FOR A GUY born and raised in Mexico, Roberto Gallardo has an exquisite knack for Southern manners. That’s one of the first things I notice about him when we meet up one recent morning at a deli in Starkville, Mississippi. Mostly it’s the way he punctuates his answers to my questions with a decorous “Yes sir” or “No sir”—a verbal tic I associate with my own Mississippi upbringing in the 1960s.

Gallardo is 36 years old, with a salt-and-pepper beard, oval glasses, and the faint remnant of a Latino accent. He came to Mississippi from Mexico a little more than a decade ago for a doctorate in public policy. Then he never left.

I’m here in Starkville, sitting in this booth, to learn about the work that has kept Gallardo in Mississippi all these years—work that seems increasingly vital to the future of my home state. I’m also here because Gallardo reminds me of my father.

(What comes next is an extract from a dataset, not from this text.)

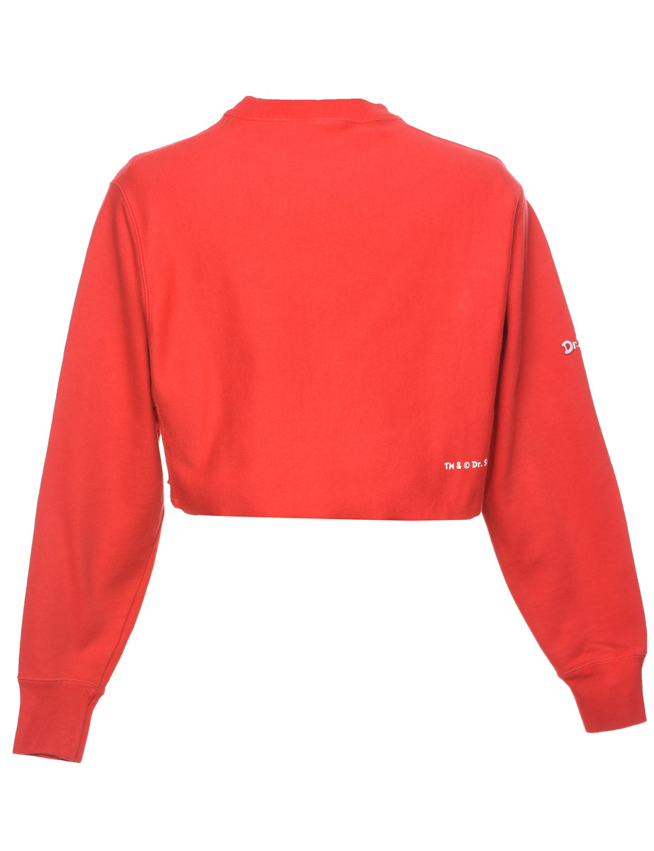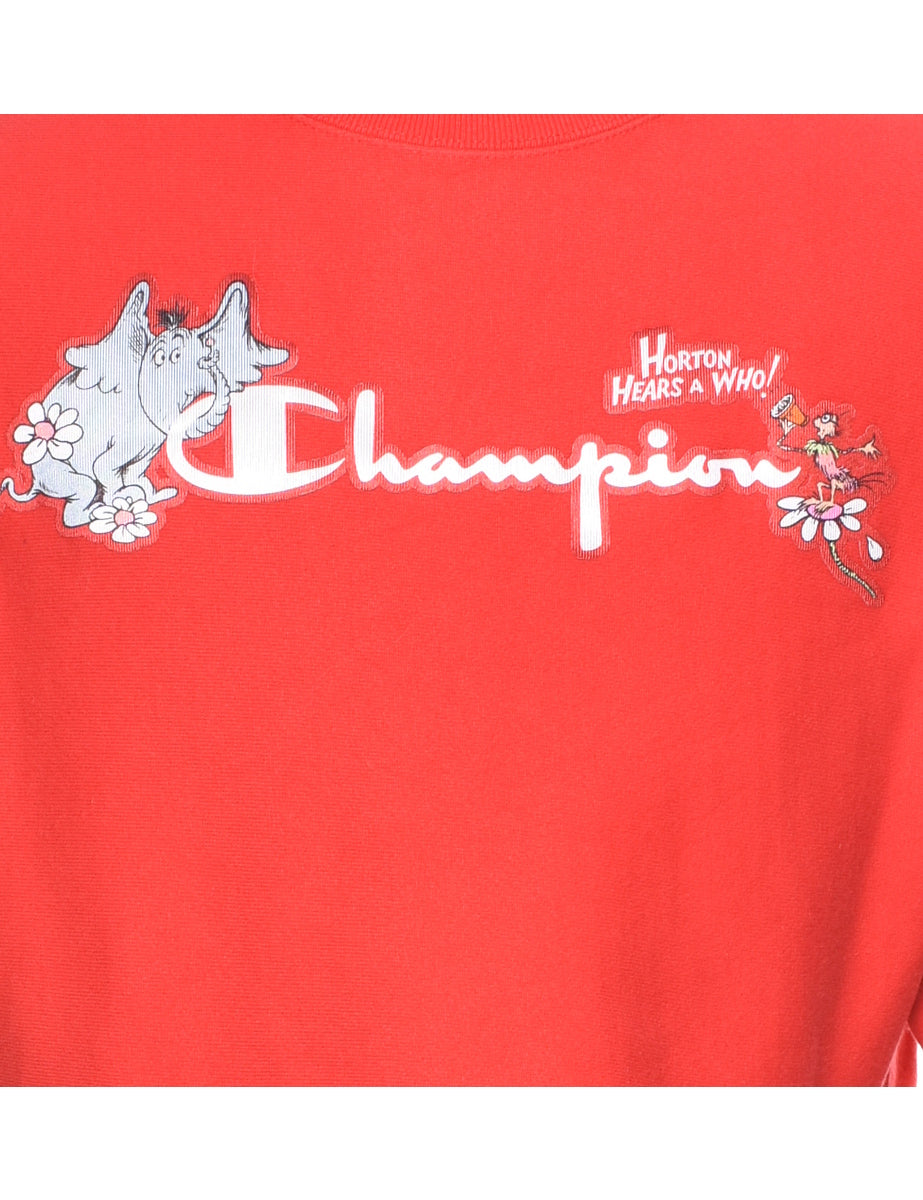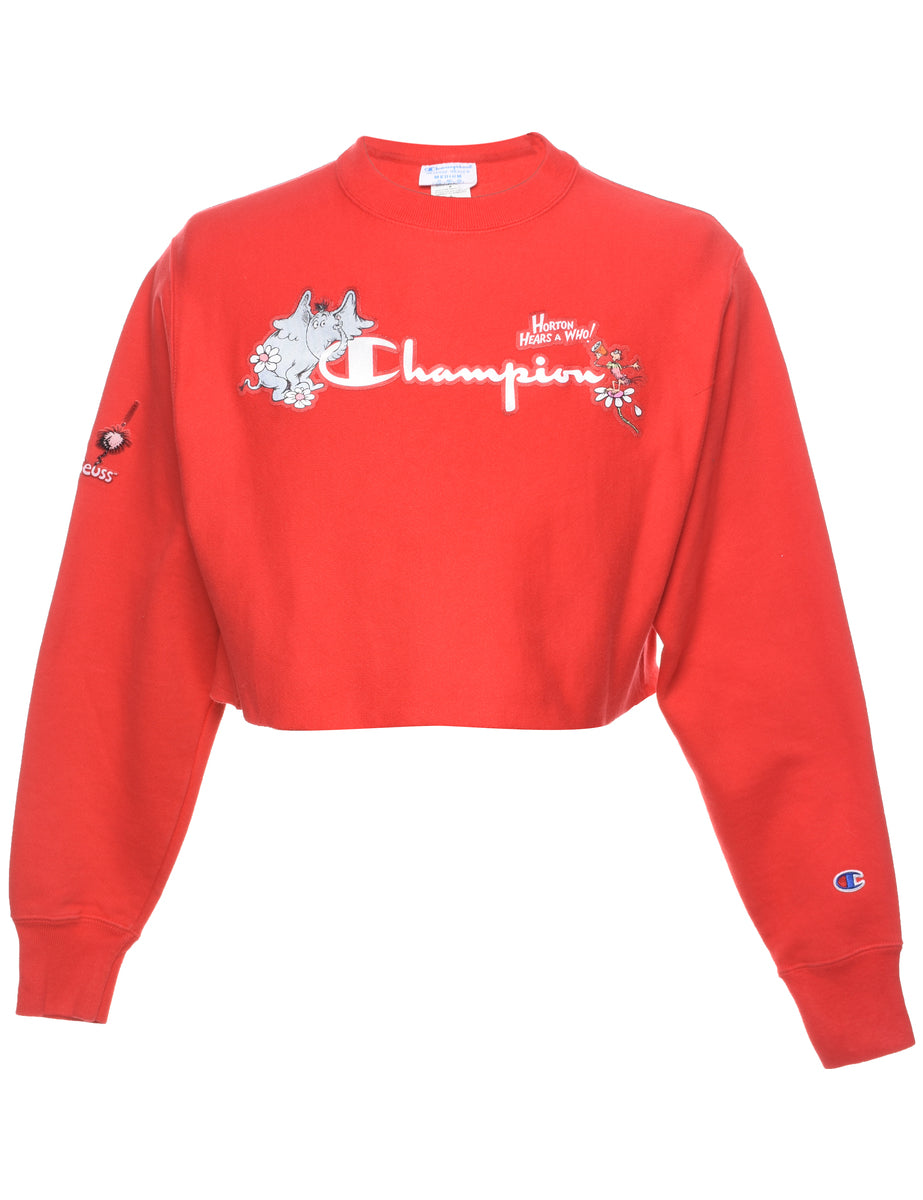 Champion reverse weave printed sweatshirt in red with a drop shoulder.

Gallardo is affiliated with something called the Extension Service, an institution that dates back to the days when America was a nation of farmers. Its original purpose was to disseminate the latest agricultural know-how to all the homesteads scattered across the interior. Using land grant universities as bases of operations, each state’s extension service would deploy a network of experts and “county agents” to set up 4-H Clubs or instruct farmers in cultivation science or demonstrate how to can and freeze vegetables without poisoning yourself in your own kitchen.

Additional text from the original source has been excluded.